[Stored items from a collection]

* * * *

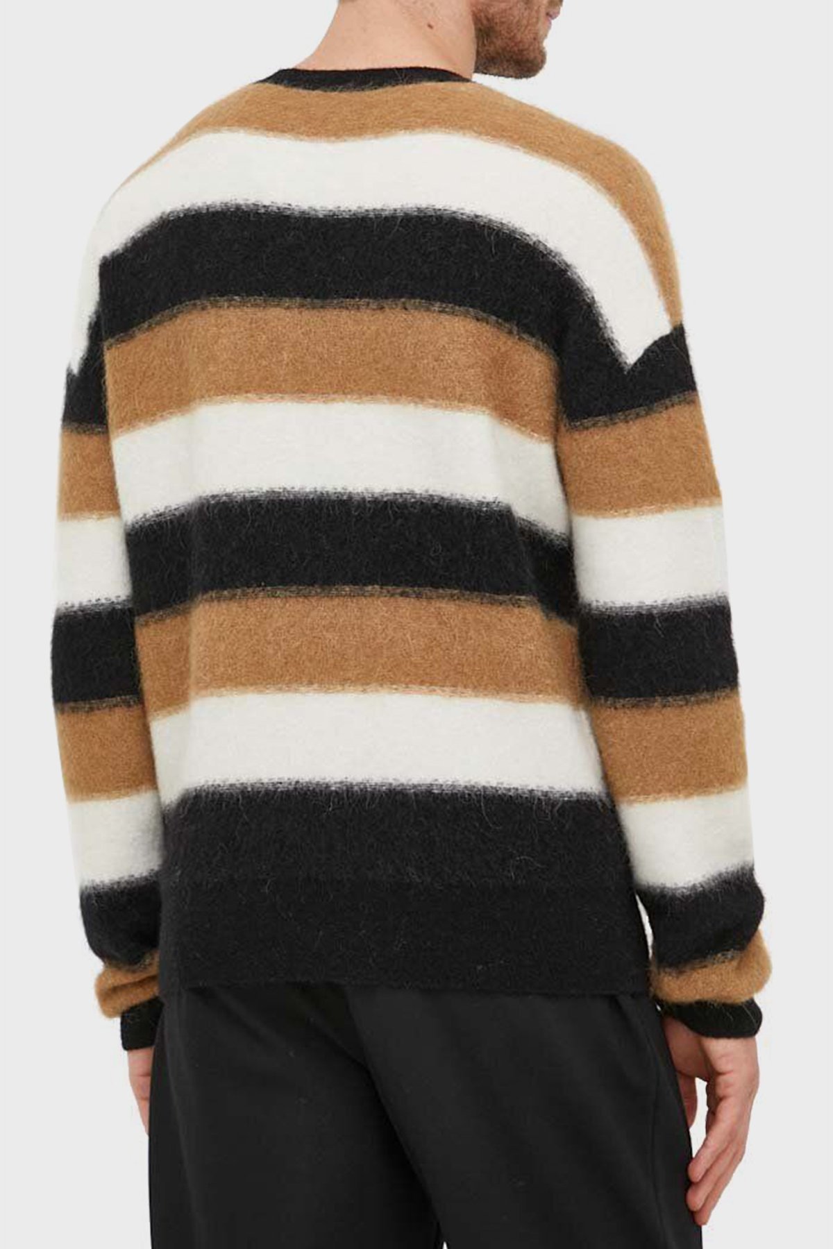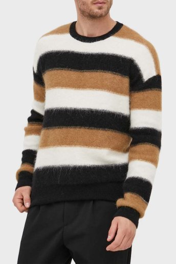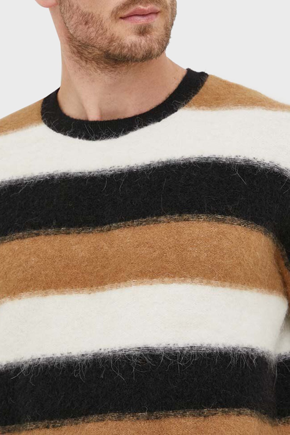 Çizgili Bisiklet Yaka Yün Karışımlı Regular Fit Erkek Kazak 50500683 001 Siyah-Beyaz-Taba
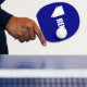 Pingpongpaddel med flagga av Reno, Nevada, blå flagga med vit form av Nevada med stjärnan som symboliserar Renos placering i delstaten
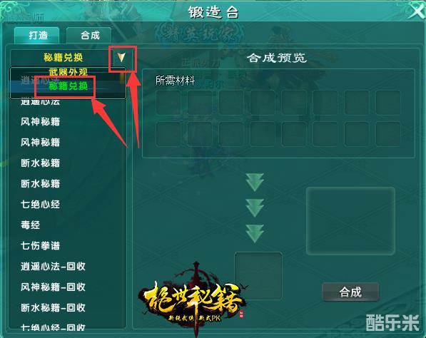 玩家可以在主城锻造大师处(51,46)兑换秘籍。选择打造,点击选择打造,选择秘籍兑换,选择想要合成的秘籍,再点右下角合成,即可完成兑换秘籍。
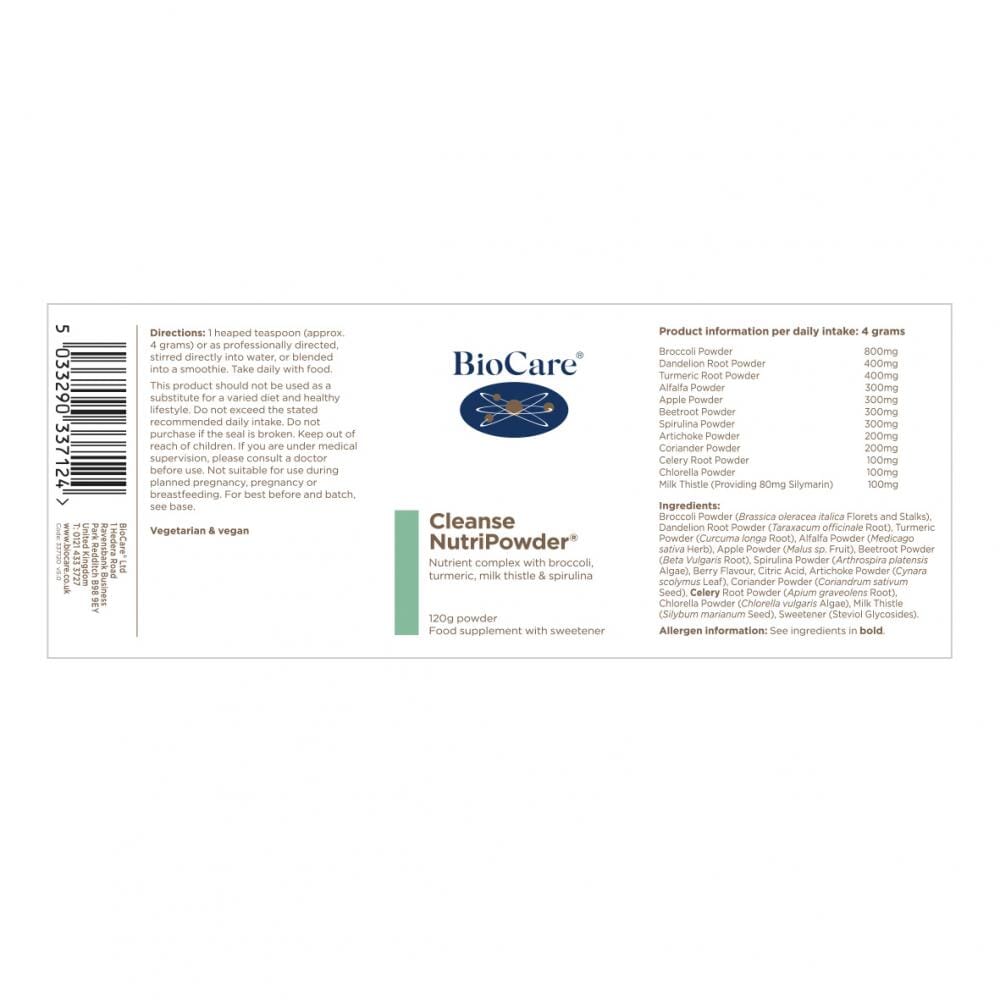 Cleanse NutriPowder is an all-in-one blend of plant extracts and antioxidants to support the body’s natural eliminative process with broccoli, turmeric, milk thistle and spirulina.
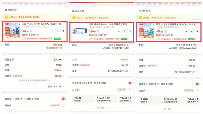 此外,同款牛奶在京东超市中售价也低过其他平台。同样是三元极致全脂纯牛奶250mlX16盒,京东超市售价为39.9元,淘宝平台上则为64.9元,一次性购买2箱单箱活动价42.2元。

* * * *

Task instructions -
Transcribe nothing but the lines from the one containing "Pingpongpaddel med flagga" through the final line of the records, exactly as written and without pictures.

Output -
 Pingpongpaddel med flagga av Reno, Nevada, blå flagga med vit form av Nevada med stjärnan som symboliserar Renos placering i delstaten
 玩家可以在主城锻造大师处(51,46)兑换秘籍。选择打造,点击选择打造,选择秘籍兑换,选择想要合成的秘籍,再点右下角合成,即可完成兑换秘籍。
 Cleanse NutriPowder is an all-in-one blend of plant extracts and antioxidants to support the body’s natural eliminative process with broccoli, turmeric, milk thistle and spirulina.
 此外,同款牛奶在京东超市中售价也低过其他平台。同样是三元极致全脂纯牛奶250mlX16盒,京东超市售价为39.9元,淘宝平台上则为64.9元,一次性购买2箱单箱活动价42.2元。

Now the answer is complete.